Pada eklampsia di jumpai kadar aldosteron yang rendah dan konsentrasi prolaktin yang
tinggi dari pada kehamilan normal. Aldosteron penting untuk mempertahankan volume plasma
dan mengatur retensi air dan natrium.

Pada plasenta dan uterus terjadi penurunan aliran darah ke plasenta mengakibatkan
gangguan fungsi plasenta. Pada hipertensi pertumbuhan janin terganggu sehingga terjadi gawat
janin sampai menyebabkan kematian karena kekurangan oksigenasi.

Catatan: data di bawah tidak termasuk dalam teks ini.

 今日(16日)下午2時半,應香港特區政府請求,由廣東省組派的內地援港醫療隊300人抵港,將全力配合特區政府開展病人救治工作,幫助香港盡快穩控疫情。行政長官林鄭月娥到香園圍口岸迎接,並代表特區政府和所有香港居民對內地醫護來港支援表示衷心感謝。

Perubahan pada ginjal disebabkan oleh aliran darah dalam ginjal menurun, sehingga
menyebabkan filtrasi glomerulus berkurang. Kelainan pada ginjal yang penting ialah dalam
hubungan dengan proteinuria dan mungkin dengan retensi garam dan air. Mekanisme retensi
garam dan air akibat perubahan dalam perbandingan antara tingkat filtrasi glomerulus dan
tingkat penyerapan kembali oleh tubulus.

Pada retina tampak edema retina, spasmus setempat atau menyeluruh pada beberapa
arteri jarang terlihat perdarahan atau eksudat. Pelepasan retina disebabkan oleh edema
intraokuler dan merupakan indikasi untuk pengakhiran kehamilan. Setelah persalinan berakhir,

12
retina melekat lagi dalam 2 hari samapai 2 bulan. Skotoma, diplopia, dan ambiliopia merupakan
gejala yang menunjukkan akan terjadinya eklampsia. Keadaan ini disebabkan oleh perubahan
aliran darah dalam pusat penglihatan di korteks serebri atau dalam retina.

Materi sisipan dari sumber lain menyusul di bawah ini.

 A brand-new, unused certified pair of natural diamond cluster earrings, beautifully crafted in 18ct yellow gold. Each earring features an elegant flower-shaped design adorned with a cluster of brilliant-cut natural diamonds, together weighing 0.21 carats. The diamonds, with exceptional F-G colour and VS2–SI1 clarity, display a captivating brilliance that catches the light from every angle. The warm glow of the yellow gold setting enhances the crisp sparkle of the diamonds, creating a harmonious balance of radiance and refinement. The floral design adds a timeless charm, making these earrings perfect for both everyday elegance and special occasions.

Edema paru-paru merupakan sebab utama kematian penderita eklampsia. Komplikasi


disebabkan oleh dekompensasio kordis kiri. Perubahan pada otak bahwa resistensi pembuluh
darah dalam otak pada hipertensi dalam kehamilan lebih tinggi pada eklampsia. Sehingga aliran
darah ke otak dan pemakaian oksigen pada eklampsia akan menurun.

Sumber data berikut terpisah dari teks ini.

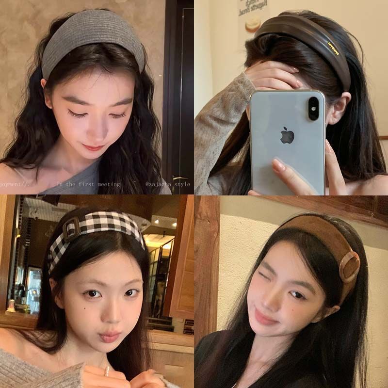 large plaid square buckle wide brim hair band

Pada eklampsia, kejang dapat menyebabkan kadar gula darah naik untuk sementara.
Asidum latikum dan asam organic lain naik, dan bicarbonas natrikus, sehingga menyebabkan
cadangan alakali turun. Setelah kejang, zat organic dioksidasi sehingga natrium dilepaskan untuk
dapat berekreasi dengan asam karbonik menjadi bikarbaonas natrikus. Dengan demikian,
cadangan alkali dapat pulih kembali. Pada kehamilan cukup bulan kadar fibrinogen meningkat.
Waktu pembekuan lebih pendek dan kadang-kadang ditemukan kurang dari 1 menit pada
eklampsia.

5. Manifestasi klinis

Eklampsia terjadi pada kehamilan 20 minggu atau lebih, yaitu: kejang-kejang atau koma. Kejang
dalam eklampsia ada 4 tingkat, meliputi :

a. Tingkat awal atau aura ( invasi )

Berlangsung 30–35 detik, mata terpaku dan terbuka tanpa melihat (pandangan kosong),
kelopak mata dan tangan bergetar, kepala diputar ke kanan dan ke kiri.

b. Stadium kejang tonik

Seluruh otot menjadi kaku, wajah kaku, tangan menggenggam dan kaki membengkok
kedalam, pernafasan berhenti, muka mulai kelihatan sianosis, lidah dapat tergigit, berlangsung
kira–kira 20–30 detik.

c. Stadium kejang klonik

Semua otot berkontraksi dan berulang–ulang dalam waktu yang cepat, mulut terbuka dan
menutup, keluar ludah berbusa, dan lidah dapat tergigit. Mata melotot, muka kelihatan kongesti
dan sianosis. Setelah berlangsung 1-2 menit kejang klonik berhenti dan penderita tidak sadar,
menarik nafas, seperti mendengkur.

13
d. Stadium koma

Lamanya ketidaksadaran ini beberapa menit sampai berjam–jam. Kadang antara


kesadaran timbul serangan baru dan akhirnya penderita tetap dalam keadaan koma.

6. Komplikasi

Komplikasi yang terberat adalah kematian ibu dan janin, usaha utama adalah melahirkan
bayi hidup dari ibu yang menderita preeclampsia dan eklampsia.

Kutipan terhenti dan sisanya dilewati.